The testimony for claimant is mainly of a negative character, at least so far as the master’s acts of ..violence or illtreatment of the libelant is concerned, except that of the master himself. He testifies that he did not commit any personal violence on libelant, except on one occasioii, and his account of that occurrence as to the character and manner of the assault is in conflict with the weight of evidence on behalf of the libelant. He also testifies that he did not encourage the mate and boatswain in their bad treatment of libelant, which is also in conflict with the weight of evidence. The other witnesses for claimant say generally that they did not see any assault or other ill-treatment of libelant by the master, and that the master was generally good in his treatment of the men.

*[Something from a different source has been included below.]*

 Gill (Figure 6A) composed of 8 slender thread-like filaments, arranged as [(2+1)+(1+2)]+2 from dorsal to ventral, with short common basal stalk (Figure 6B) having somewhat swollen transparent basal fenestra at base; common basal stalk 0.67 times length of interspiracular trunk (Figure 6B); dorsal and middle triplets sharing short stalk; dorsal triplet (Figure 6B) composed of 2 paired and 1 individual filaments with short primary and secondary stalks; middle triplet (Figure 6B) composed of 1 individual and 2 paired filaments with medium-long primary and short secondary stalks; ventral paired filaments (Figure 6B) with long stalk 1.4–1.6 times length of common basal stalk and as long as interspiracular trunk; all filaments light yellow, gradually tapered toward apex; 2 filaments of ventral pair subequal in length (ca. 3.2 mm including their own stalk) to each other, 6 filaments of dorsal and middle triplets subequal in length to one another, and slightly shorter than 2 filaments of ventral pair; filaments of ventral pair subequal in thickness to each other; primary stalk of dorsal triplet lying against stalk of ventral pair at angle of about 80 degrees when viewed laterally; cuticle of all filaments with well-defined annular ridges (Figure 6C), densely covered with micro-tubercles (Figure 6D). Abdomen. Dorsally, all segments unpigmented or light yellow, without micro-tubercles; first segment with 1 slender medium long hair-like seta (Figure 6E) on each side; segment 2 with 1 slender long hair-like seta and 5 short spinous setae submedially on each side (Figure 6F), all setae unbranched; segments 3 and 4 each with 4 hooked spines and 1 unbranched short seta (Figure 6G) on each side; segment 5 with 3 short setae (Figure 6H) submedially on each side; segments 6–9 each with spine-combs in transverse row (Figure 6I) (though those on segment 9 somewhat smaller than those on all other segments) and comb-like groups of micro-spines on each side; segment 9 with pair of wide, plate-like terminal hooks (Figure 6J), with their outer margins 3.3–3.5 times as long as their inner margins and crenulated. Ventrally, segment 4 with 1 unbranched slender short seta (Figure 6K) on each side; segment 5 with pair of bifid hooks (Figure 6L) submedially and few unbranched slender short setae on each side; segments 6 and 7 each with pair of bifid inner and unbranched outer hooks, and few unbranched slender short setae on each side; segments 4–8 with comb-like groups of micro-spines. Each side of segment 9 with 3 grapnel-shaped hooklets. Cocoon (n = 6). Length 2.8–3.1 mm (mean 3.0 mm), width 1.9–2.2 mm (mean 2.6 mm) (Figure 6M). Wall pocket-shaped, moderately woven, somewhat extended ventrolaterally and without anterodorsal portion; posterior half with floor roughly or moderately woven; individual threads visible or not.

Some of them, however, testify that libelant was harshly treated and assaulted by tbe third mate and boatswain, and this seems from the evidence to have been pretty generally known aboard the ship. But the specific allegations of the libel as to the illtreatment of the libelant are not put in issue by the answer. The answer denies in a general way that the master did “illtreat David Jones, or that said David Jones was unjustly or illegally assaulted by any one for whose conduct the owners of said vessel are responsible.”

I find from the evidence that he “was unjustly and illegally assaulted” by those for whose conduct the owners of said vessel are responsible, and that he failed to get that protection to which he was entitled under the law. No legal justification or excuse is shown for the harsh treatment he received. If he was a poor seaman, — one without much or any knowledge or experience as such, — as appears from the evidence to have been the fact, this did not justify the illtreatment he received. Other remedies are provided for and authorized by the law. It, however, does not appear that libelant was seriously injured by his treatment, — no special damage is shown, — and I think that $50 would be ample to compensate him in the case made.

Det a decree be entered for this amount, with costs.